Colonial and post-colonial India are divisions that are now more relevant to a historian than a littérateur because Indian-English literature has transcended the barriers of petty classifications and has become amalgamated with mainstream English literature. When V. S. Naipaul at a writers’ retreat in Neemrana, Delhi, scoffed at some of the writers’ fixation with colonialism, his point was worth noting. Writers of Indian origin, especially NRI writers like Salman Rushdie, Anita Desai and Amitav Ghosh have gained enormous respect in the literary circle of the world, particularly in the field of fiction. The NRI writers have explored their sense of dislocation, which is a perennial theme in all exile literature. In fact NRI writers have given more poignancy to the exploration by dealing not only with a geographical but also a socio-cultural sense of displacement.
Non-resident Indian writers can be grouped into two distinct classes. One class comprises those who have spent a part of their life in India and have carried the baggage of their native land offshore. The other class comprises those who have been bred since childhood outside India. They have had a view of their country only from the outside as an exotic place of their origin. The former group of NRIs have a literal displacement whereas the latter group find themselves rootless. Both the groups of NRI writers have produced an enviable corpus of English literature. Their concerns are global concerns as today’s world is afflicted with the problems of immigration, refugees, exiles and they all give birth to that very sense of displacement and rootlessness.
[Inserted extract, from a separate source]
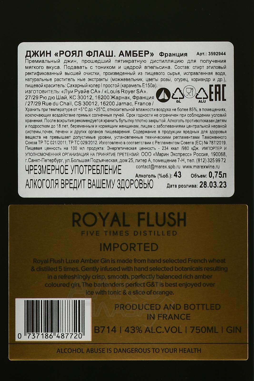 Джин Royal Flush Amber 0,75 л — премиальный янтарный сорт, созданный по эксклюзивной рецептуре и классической технологии во французской провинции Коньяк. Основной является спирт из сортовой пшеницы. Применялась 5-кратная дистилляция, чтобы вкус алкголя был как можно более мягким и гладким. Были использованы 12 растительных компонентов, которые отбирали вручную. Среди них можжевельник, кориандр, лепестки розы, огурец и т. п. Джин подкрашивается карамелью и разбавляется водой из природных источников региона Шаранта до крепости 43%.

The first group of NRI writers have already established their credentials but recently the second group of NRI writers have seen their ranks swell enormously and many among them like Rohinton Mistry, Jhumpa Lahiri have already made a name for themselves. Formerly NRI writers dealt generally with NRI characters but lately they have also taken a liking for Western characters and they have been convincing in dealing with them. The big issues like religious intolerance and racial discrimination are no longer the main concern of an NRI writer. The world as a global village has become more accommodating and now what matters are the small things. Little, unacknowledged things gain enormous importance in changed situations. It is here that the differing reactions by Western and NRI characters towards similar circumstances are found to differ only superficially. The inner needs of all human beings are the same. If alienation is a part of NRI experience then it does not mean it won’t find a victim in a Western character- some might be alienated from happiness, some from peace and so on.